Nobody gets on Interstate 10 thinking that they are going to be slammed into by a semitruck, but some unfortunate individuals face that exact event. An 18-wheeler accident can dramatically change your life. These crashes sometimes rip people away from their family members.

Whether you are heading across the infamous Atchafalaya Basin bridge or crossing the border near Lake Charles, you need to be aware of what semitruck drivers are doing. You certainly don’t want to have the men and women of Acadian Ambulance have to come pick you up or airlift you out.

By understanding some of the common causes of these accidents, you might be able to avoid getting into one. Here are some cause of semitruck crashes to consider:

Rushing truckers

Truckers who are in a rush might not drive in a safe manner. You should watch how these big rigs are moving in relation to other traffic. Some stretches of I-10 have a lower speed limit than others. Generally, semitrucks should be driving a little slower than passenger vehicles. In most cases, they should drive in the right hand lane.

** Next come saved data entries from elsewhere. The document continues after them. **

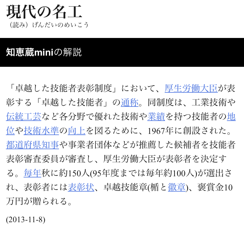 黄綬褒章を受章する数年前には《現代の名工》に選ばれました。
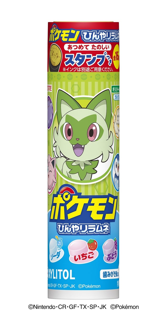 株式会社ロッテは4月22日(火)に「キシリトールポケモンひんやりラムネ」を全国で新発売します。この商品は幅広い年代に愛されるポケットモンスター(以下ポケモン)がデザインされており、キシリトールならではのひんやりした味わいが楽しめるラムネです。味はお子様が好きなソーダ、いちご、ぶどうの3種類をアソートし、カリッとした食感が楽しめる糖衣ラムネに仕上げました。筒型の容器のフタ部分にポケモンスタンプ(全16種類)がついていて、ラムネを召し上がっていただいた後も、スタンプ(*1)としてお楽しみいただけます。お出かけのときや歯磨き後にも、ぜひお試しください。
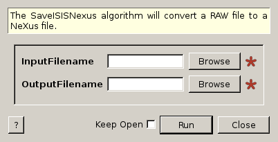 The algorithm SaveISISNexus will write a Nexus data file from the given RAW file. The output file name can be an absolute or relative path and should have the extension .nxs, .nx5 or .xml. Warning - using XML format can be extremely slow for large data sets and generate very large files. Both the extensions nxs and nx5 will generate HDF5 files.

When a trucker is in a hurry, he or she might try to bend the safety regulations. Driving too many hours, for example, could result in trucker fatigue. Trying to hurry up might lead the trucker to attempt to eat a meal while zoomong at interstate speeds. This could lead to a distracted driving crash.

Other factors

Another factor that might lead to a semitruck crash includes improperly secured loads. The loads on these trucks are usually very heavy. Without proper securement, loads can shift while the truck is in motion. This can lead to the items coming off the truck or causing the truck to become unstable.

Improper maintenance can also lead to a semitruck crash. These large vehicles rely on everything working properly to stop and maneuver. If there is anything that isn’t up to par, it could lead to trouble, such as worn brakes or a wobbly hitch.

It is also possible for other drivers on the road to cause an accident. Some drivers jump in front of these large trucks without thinking about the fact that they need more distance to stop than smaller vehicles. In fact, a semitruck likely needs 20 to 40 percent more distance to stop than a passenger vehicle if the truck is driving on dry pavement.